И, наверное, это и было все то, чего всю жизнь или, может, всю вечность молча и просила его душа, и теперь он, как малый ребенок, только вот этого, должно, и хотел бы: лежать и лежать на твоих материнских коленях и слышать и слышать твое материнское пение...
Да, он помнит, вы точно были где-то в степи, а, может, и не в степи, а у него дома, на родине, в его курской деревне, где-то в лесу на поляне, средь высокого разнотравья, ты сидела, а он лежал на спине, положив голову тебе на колени, и вас овевал легкий и мягкий ветер, и над вами было то самое — еще из его давних снов — будто з в у ч а в ш е е вам лазурное синее небо...
И хотя он и не видел твоего лица, это была ты, твое лицо, и глаза тоже, он знает, были твои, и твои руки, и голос... И ему и оставалось лишь сожалеть, что все вот это, такое очевидное и такое естественное тут, во сне, и о чем сам он, оказывается, знал всю свою жизнь, никто из вас не знал и не ведал раньше... и он из-за этого так долго и много и голодал рядом с вами по вашей любви к нему.
Да, и долго и много — всегда — голодал рядом с вами по вашей любви к нему...
И именно потому, что голод тот еще и теперь не прошел, даже в этом счастливом сне, он и боялся — обязательно не забыть бы потом сказать тебе, напомнить, предупредить, чтоб ты больше н е у х о д и л а, никогда вообще, потому что... Ну, потому, что э т о г о п о т о м у ж е н и к о г д а н е в е р н у т ь. Неужели и сама ты не знаешь, как одиноко и обидно всегда ему, одному, когда ты опять и опять оставляешь его и уходишь, зачем-то уходишь к другим...

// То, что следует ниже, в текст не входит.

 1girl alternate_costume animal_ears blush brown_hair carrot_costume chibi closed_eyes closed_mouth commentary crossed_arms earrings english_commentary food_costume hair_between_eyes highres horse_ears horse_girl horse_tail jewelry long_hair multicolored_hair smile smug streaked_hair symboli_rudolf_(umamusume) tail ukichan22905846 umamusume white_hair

А ты все гладила и перебирала его волосы, гладила и перебирала и все ниже и ниже склонялась над ним, все ниже и ниже...
И опять ему было так, что ты и есть его мать и что сам он — все тот же ребенок... и что это ж и есть все то самое, чего он никак не мог уловить в себе раньше, а теперь вот он все видит и все понимает, и вот об этом-то, что ты его мать, но только ты не знаешь этого, он же и хочет давно тебе р а с с к а з а т ь. Всю свою жизнь, все время — только вот это и хочет тебе рассказать...

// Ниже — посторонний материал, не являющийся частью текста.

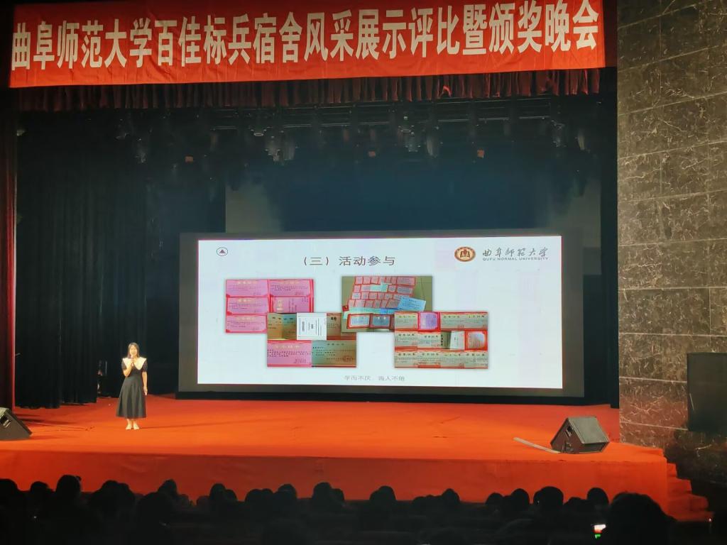 在学校隆重举办的“百佳标兵宿舍风采展示评比暨颁奖晚会”活动现场,2021级教育学一班西公寓6#613宿舍同学通过PPT展示了宿舍良好的生活学习氛围、介绍了宿舍每一位同学精彩的大学生活和取得的优异成绩,并为师生奉上了由宿舍同学精心编排、自导自演的光影戏——《我们的大学》,以别出心裁的形式将大学四年融汇在一场光影戏当中,惟妙惟肖地展现出室友之间浓厚的情谊和曲园学子青春向上、团结进取、追求卓越的优良品格。

Такое простое, такое ему самому очевидное... и все время, всю жизнь — такое же непосильное, чтоб рассказать и тебе...
Да, и еще раз по кругу, по новому трудному кругу, чтоб, может, наконец изжить навсегда эту давнюю-давнюю боль.
1
...Да только вот где оно есть, начало этого самого круга, опять и опять возвращается он к одному и тому же; где и чем действительно начинается ваша история, он не может понять. И в каком времени, в какой географической точке, и в чем именно начало его личной вины? И как суметь ему, в самом деле, все свое о тебе наконец и тебе «р а с с к а з а т ь»?.. И не во сне — наяву рассказать...
Самое естественное, наверное, вернуться бы ему лет на двадцать назад и начать с вашего благословенного Крыма, с их воинского городка на окраине твоего города и вашей улицы и вашего дома в минутах ходьбы от части, куда он, с октября по июль, на третьем году своей службы и приходил к тебе в увольнения, бывало, и по два, и по три раза в неделю, и вы или сидели в твоей маленькой комнатке, или бродили часами по малоосвещенным окраинным улицам, а после, если не ссорились, подолгу стояли в вашем темном дворе, прислонившись к дощатому забору, и ему всегда так хотелось не уходить бы от тебя никуда...
Сколько раз ему так вот и видится — сесть и начать все с вашего Крыма я памятного ему твоего города, с их воинского городка и вашей фабрики рядом с ними, через пустырь, метров за девяносто от части, и как однажды осенью, в октябре, он, каким он и был тогда — «стеснительный сержантик», пришел к вам в цех и принес пригласительные билеты на вечер дружбы в их части, и как вы пришли к ним в клуб вечером на следующий день, и как ты и еще одна из вашего цеха, ваша красавица Томка, разыграли его на танцах — и что из всего из этого и получилось потом...
Он бы, наверное, и начал теперь с той вашей крымской осени и самого вашего знакомства, и такое начало было бы, скорее всего, и самым естественным для него и самым легким. Если бы...
Если бы не было в нем одновременно и этого вот другого, тоже и простого и очевидного, и что он знает в себе, кажется, всю свою жизнь: что истинное начало всей вашей истории — оно где-то далеко-далеко еще до самой вашей встречи и вот оттуда-то, издалека, ему и надо б ее начинать.
И память опять и опять возвращает его в их убогую курскую деревню и к тому самому зачуханному мальчишке, каким он и помнит себя. И все, чем он жил тогда, особенно — в потаенном своем, неведомом и не доступном другим, все, конечно, имело и самое непосредственное отношение к Тебе.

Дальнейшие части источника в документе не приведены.